[PROMPT]
The full listing, written out exactly and without images, is the expected result.

(Beginning of THE DATA)

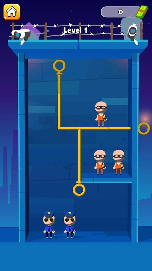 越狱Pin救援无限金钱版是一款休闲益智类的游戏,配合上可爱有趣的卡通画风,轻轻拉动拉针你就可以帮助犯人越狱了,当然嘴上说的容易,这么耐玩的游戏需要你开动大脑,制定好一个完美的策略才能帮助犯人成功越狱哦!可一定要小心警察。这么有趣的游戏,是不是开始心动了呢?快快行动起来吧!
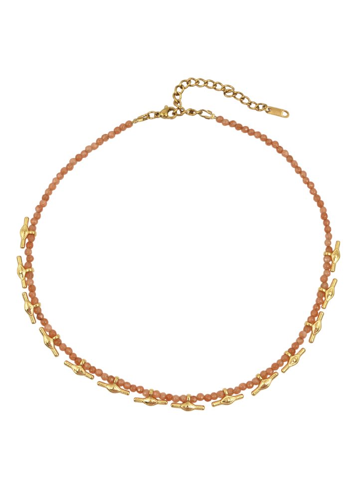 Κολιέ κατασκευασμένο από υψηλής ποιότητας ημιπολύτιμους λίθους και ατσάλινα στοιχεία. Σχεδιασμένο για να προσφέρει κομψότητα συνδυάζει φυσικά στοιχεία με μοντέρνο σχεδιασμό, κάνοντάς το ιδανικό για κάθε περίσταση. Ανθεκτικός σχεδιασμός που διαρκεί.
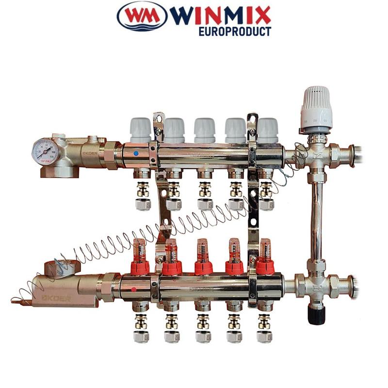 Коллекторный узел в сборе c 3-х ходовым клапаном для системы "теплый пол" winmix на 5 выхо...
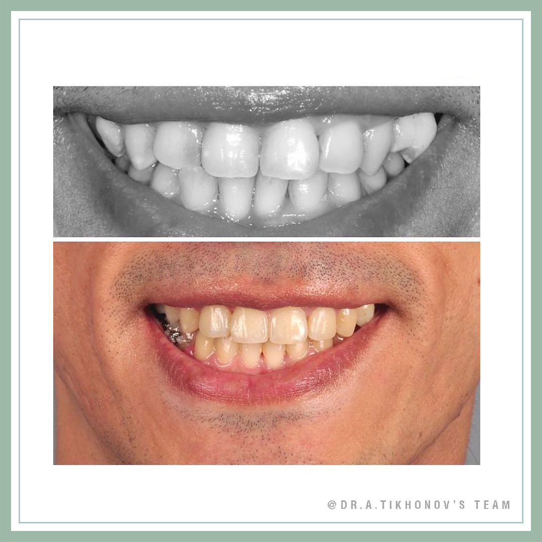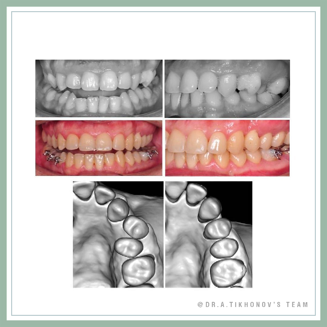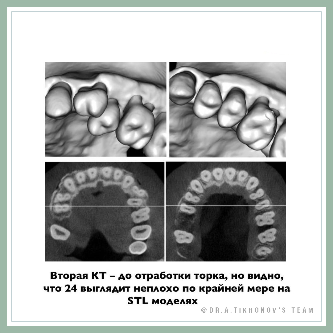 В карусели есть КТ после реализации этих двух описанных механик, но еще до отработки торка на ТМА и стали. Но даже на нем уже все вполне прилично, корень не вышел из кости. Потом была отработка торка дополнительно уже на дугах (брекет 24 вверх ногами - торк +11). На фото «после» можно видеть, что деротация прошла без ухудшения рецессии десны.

(End of THE DATA)

[ANSWER TO THE PROBLEM]
 越狱Pin救援无限金钱版是一款休闲益智类的游戏,配合上可爱有趣的卡通画风,轻轻拉动拉针你就可以帮助犯人越狱了,当然嘴上说的容易,这么耐玩的游戏需要你开动大脑,制定好一个完美的策略才能帮助犯人成功越狱哦!可一定要小心警察。这么有趣的游戏,是不是开始心动了呢?快快行动起来吧!
 Κολιέ κατασκευασμένο από υψηλής ποιότητας ημιπολύτιμους λίθους και ατσάλινα στοιχεία. Σχεδιασμένο για να προσφέρει κομψότητα συνδυάζει φυσικά στοιχεία με μοντέρνο σχεδιασμό, κάνοντάς το ιδανικό για κάθε περίσταση. Ανθεκτικός σχεδιασμός που διαρκεί.
 Коллекторный узел в сборе c 3-х ходовым клапаном для системы "теплый пол" winmix на 5 выхо...
 В карусели есть КТ после реализации этих двух описанных механик, но еще до отработки торка на ТМА и стали. Но даже на нем уже все вполне прилично, корень не вышел из кости. Потом была отработка торка дополнительно уже на дугах (брекет 24 вверх ногами - торк +11). На фото «после» можно видеть, что деротация прошла без ухудшения рецессии десны.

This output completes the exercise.